Resignation shows how far Starmer has pushed away the left

By Sam Coates, deputy political editor

Andy McDonald was one of those figures from the left of the party who was close to Jeremy Corbyn, but nonetheless made it into Keir Starmer’s shadow cabinet.

I am told he quit without speaking to Keir Starmer.

The particular reason he has decided to stand down now is that in the last 24 hours he says was asked by the Sir Keir’s office to go into a meeting to argue against a national minimum wage of £15 per hour and higher sick pay. He says he simply could not do that.

Sir Keir’s office have yet to comment on that claim.

The resignation comes at a time when the left of the Labour party is feeling under attack. Sir Keir pushed through rule changes at the weekend which were designed to essentially stop the left causing trouble in the future – such as reducing the rights of constituencies to recall MPs and making it much harder for a left wing candidate to get on the ballot of future leadership contests.

Many on the left feel the Labour leader’s office have been trying to put them into a corner, and there is a lot of unhappiness about being marginalised – given many votes from the left went to Sir Keir in the last leadership election.

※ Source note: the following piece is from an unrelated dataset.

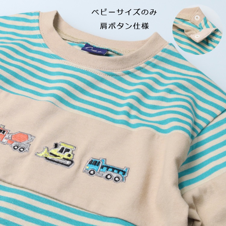 働く車刺繍ボーダー長袖Tシャツ(ブルー-80cm)
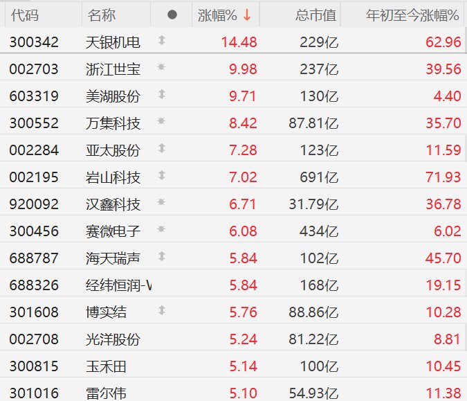 消息面上,自动驾驶公司小马智行与北汽新能源日前宣布,双方将基于L4级Robotaxi规模化量产和运营 的成功经验,全面扩大合作广度与深度,聚焦自动驾驶的量产化、商业化与全球化。 | 代码 | 名称 | | 涨幅% ↓ | 总市值 | 年初至今涨幅% | | --- | --- | --- | --- | --- | --- | | 300342 | 天银机电 | 1 | 14.48 | 229亿 | 62.96 | | 002703 | 浙江世宝 | 兼 | 9.98 | 237亿 | 39.56 | | 603319 | 美湖股份 | 1 | 9.71 | 130亿 | 4.40 | | 300552 | 万集科技 | 换 | 8.42 | 87.81 亿 | 35.70 | | 002284 | 亚太股份 | 1 | 7.28 | 123亿 | 11.59 | | 002195 | 岩山科技 | 1 | 7.02 | 691亿 | 71.93 | | 920092 | 汉鑫科技 | 来 | 6.71 | 31.79亿 | 36.78 | | 300456 | 塞微电子 | 张 | 6.08 | 434 乙 ...

Mr McDonald in his resignation letter refers to a series of broken promises. So while the specific reason he chose this moment may have been the issue of a £15 minimum wage, his decision reflects a much wider division.

Labour’s former shadow chancellor John McDonnell, another ally of Mr Corbyn, paid tribute to Mr McDonald’s “terrific” record as a shadow minister.

“He has resigned on a point of principle that workers should have decent pay,” Mr McDonnell posted on Twitter.

Fellow left-wing Labour MP Jon Trickett, who had been the party’s national campaign coordinator under Mr Corbyn’s leadership, tweeted: “We need more working class MPs not fewer.

“There is now a chasm between the Labour Party and the communities we want to represent. It must change.”

Left-wing group Momentum, which grew out of Mr Corbyn’s two successful leadership election campaigns, claimed Mr McDonald’s resignation showed how Sir Keir was “out of touch” with working people.

“Labour has to be the party of working people not bosses,”said Mish Rahman, a member of Labour’s ruling National Executive Committee and Momentum’s National Coordinating Group.

“During the leadership election, it seemed like Starmer understood this – but this resignation proves he does not.”

“By asking a shadow minister to argue against a higher minimum wage and decent sick pay he has demonstrated just how put of touch he is with working people.”

Conservative Party co-chair Oliver Dowden said: “Labour are divided and fighting among themselves. Now they are even resigning during their own party conference!

“Labour’s conference gets more chaotic by the minute. How can people trust them to run the country?”